Ładniejsze klatki schodowe, tereny zielone i elewacje budynków. Rzetelność i słowność ze strony przedstawicieli zarządcy. To niektóre wnioski, jakie nasuwają się po analizie ankiety przeprowadzonej wśród mieszkańców głogowskich osiedli przez Spółdzielnię Mieszkaniową „Nadodrze”.
Pytania dotyczyły m.in. funkcjonowania SM, stanu otoczenia zewnętrznego, instalacji, budynków i estetyki, ale także relacji międzyludzkich, np. z pracownikami administracji osiedlowej czy służbami technicznymi.
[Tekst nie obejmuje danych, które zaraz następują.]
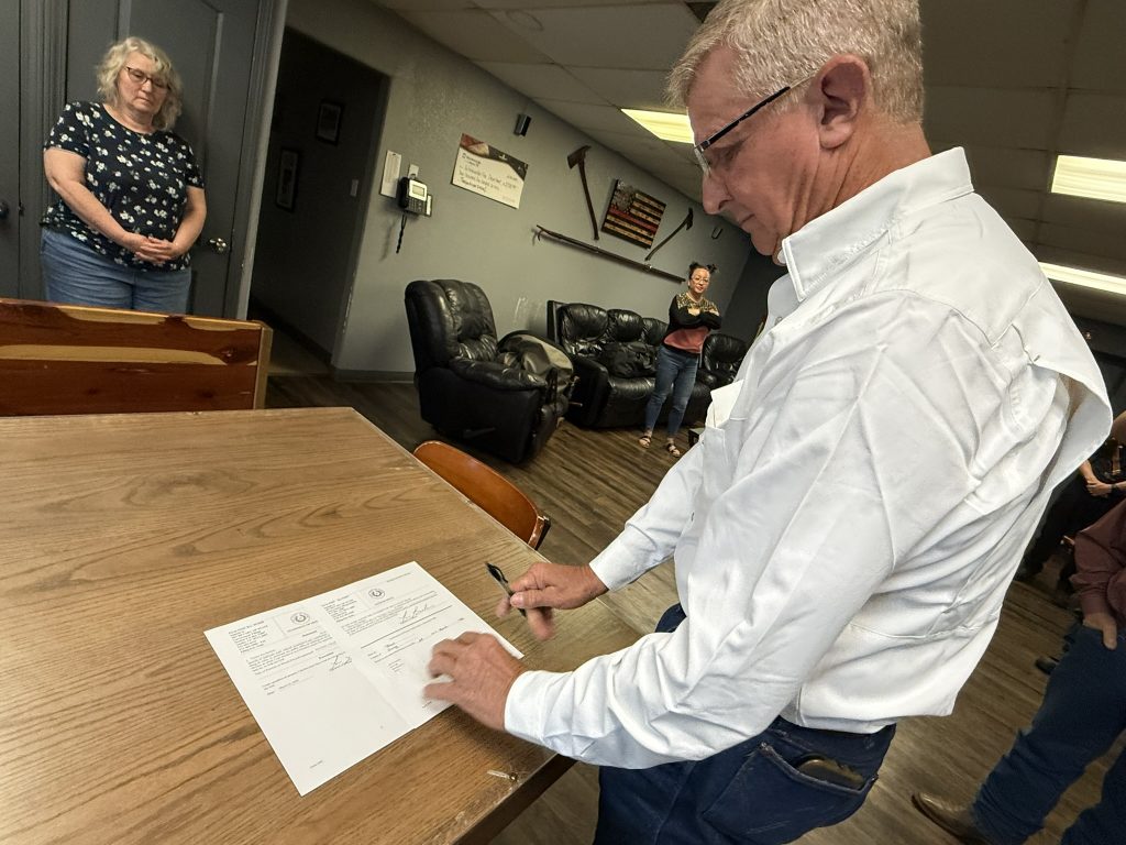 Gladewater Fire Chief Tim Basham signs the necessary documentation after officially taking the reins at Gladewater Fire Department March 23.

Pytano jeszcze o zaangażowanie mieszkańców w życie osiedla.
– Analizując odpowiedzi można stwierdzić, że mieszkańcy zauważają zmiany na osiedlach i doceniają to, co robimy – komentuje wyniki ankiety Mirosław Dąbrowski, prezes SM „Nadodrze”. – Jednak oczekiwania członków spółdzielni są coraz większe. Zwracają uwagę na obszary, które do niedawna były mniej ważne, a teraz stają się priorytetowymi. Kilkanaście lat temu mieliśmy problemy ze sprawami technicznymi, jak niedogrzanie budynków, przecieki na instalacjach. Te kwestie zostały już w znacznej mierze poprawione. Dlatego mieszkańcy kładą teraz nacisk na estetykę klatek schodowych, terenów zielonych i elewacji budynków. Coraz ważniejsza staje się jakość wykonywanych prac, a nie niski koszt. Dobra jest ocena naszej pracy jako zarządcy. Mimo to ankietowani wskazali nam kwestie do poprawy. Oczekują rzetelnego stosunku do pracy, wyrażającego się głównie solidnością i kompetencją. Ważna jest też terminowość, słowność. Będziemy korzystać z tych wskazówek, by przy kolejnej ankiecie ta ocena była jeszcze lepsza – zapewnia prezes Dąbrowski.
Mieszkańcy sugerowali też nowe inwestycje czy rozwiązania techniczne na osiedlach, ale już wiadomo, że niektórych pomysłów nie da się zrealizować. To np. zainstalowanie wind w blokach czteropiętrowych. Albo budowa nowych parkingów. Powodów, jak wyjaśnia prezes SM, jest kilka. Tereny, na których Spółdzielnia mogłaby to zrobić, praktycznie już się skończyły. Po drugie, według ustawy, to gmina odpowiada za powstanie takiej infrastruktury. W końcu, coraz częściej słychać głosy innych mieszkańców, że osiedla są dla ludzi, a nie dla samochodów.
Anonimowa ankieta została przeprowadzona między 15 października a 15 listopada zeszłego roku, głównie przez studentów trzeciego roku pedagogiki z Państwowej Wyższej Szkoły Zawodowej w Głogowie. Zawierała 36 pytań. Analizie poddano 501 ankiet, bo tyle kompletnie wypełnionych arkuszy zwrócili mieszkańcy.
Była to trzecia ankieta przeprowadzona w zasobach SM „Nadodrze”. Poprzednie Spółdzielnia zorganizowała samodzielnie w 2004 i 2011 roku. Tym razem zleciła to zadanie Pracowni Badań Regionalnych przy PWSZ w Głogowie.